START Source data

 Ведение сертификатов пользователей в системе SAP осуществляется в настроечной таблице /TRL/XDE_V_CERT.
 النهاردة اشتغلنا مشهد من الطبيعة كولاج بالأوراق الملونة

END Source data
START Source data

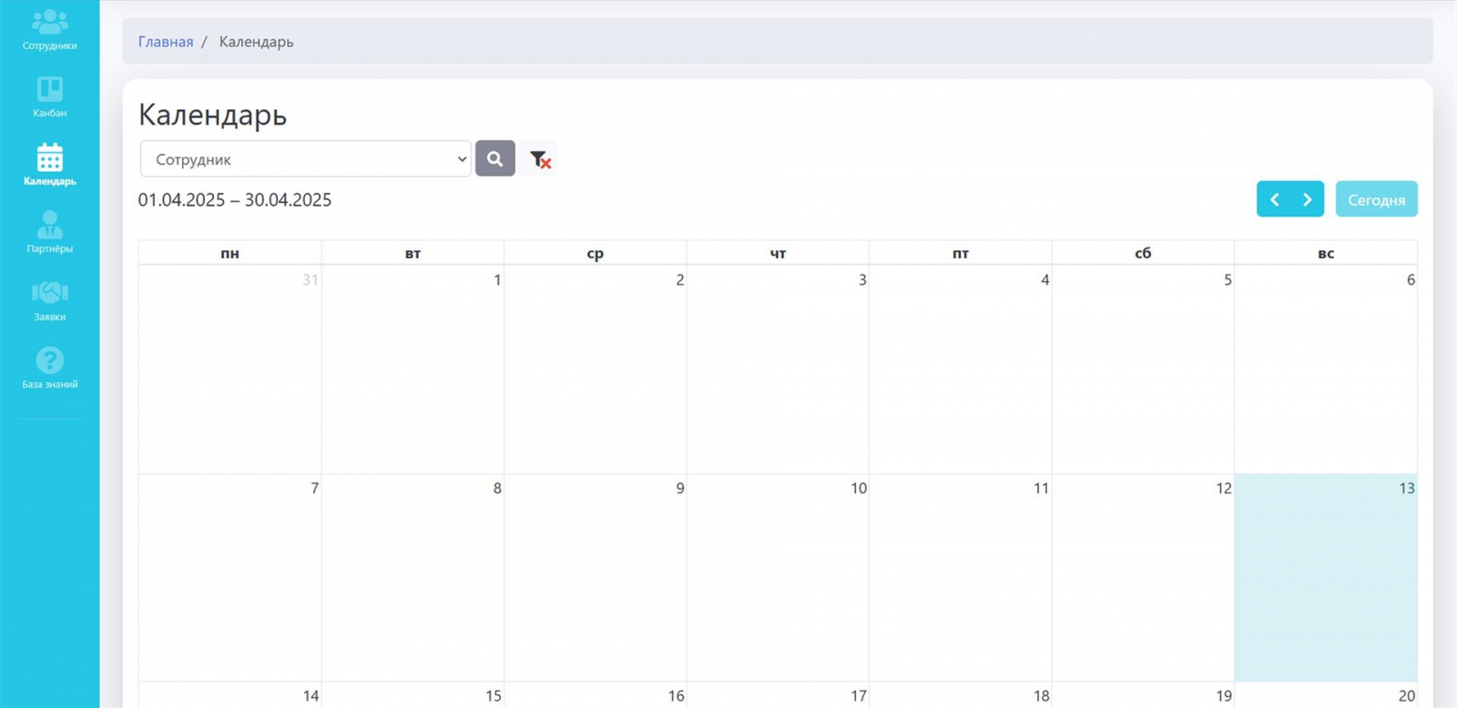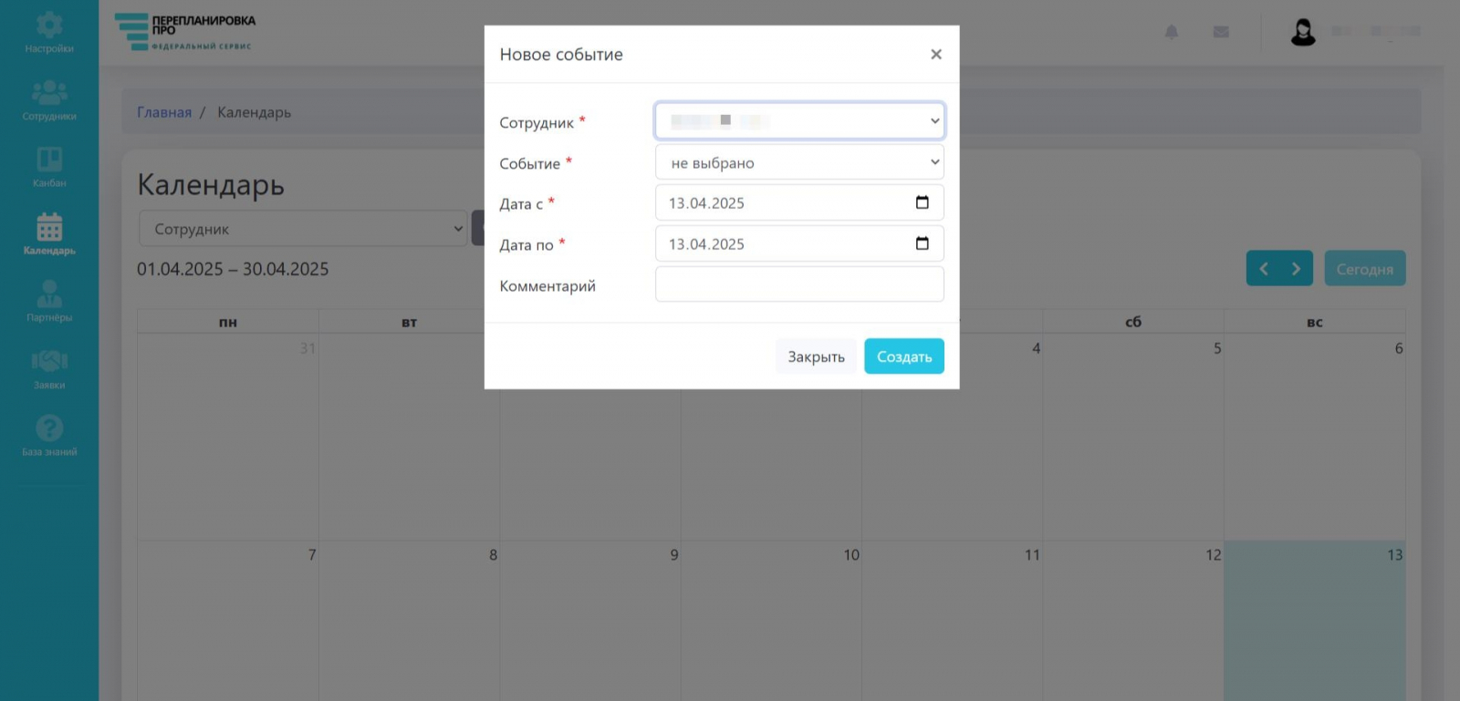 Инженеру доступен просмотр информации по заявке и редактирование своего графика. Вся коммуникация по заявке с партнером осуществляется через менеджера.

END Source data

▶ What is expected
From the listing above, the lines starting with the one that has "Ведение сертификатов пользователей" and running through the one that has "النهاردة اشتغلنا مشهد" should be copied exactly, ends included.

▶ Output below
 Ведение сертификатов пользователей в системе SAP осуществляется в настроечной таблице /TRL/XDE_V_CERT.
 النهاردة اشتغلنا مشهد من الطبيعة كولاج بالأوراق الملونة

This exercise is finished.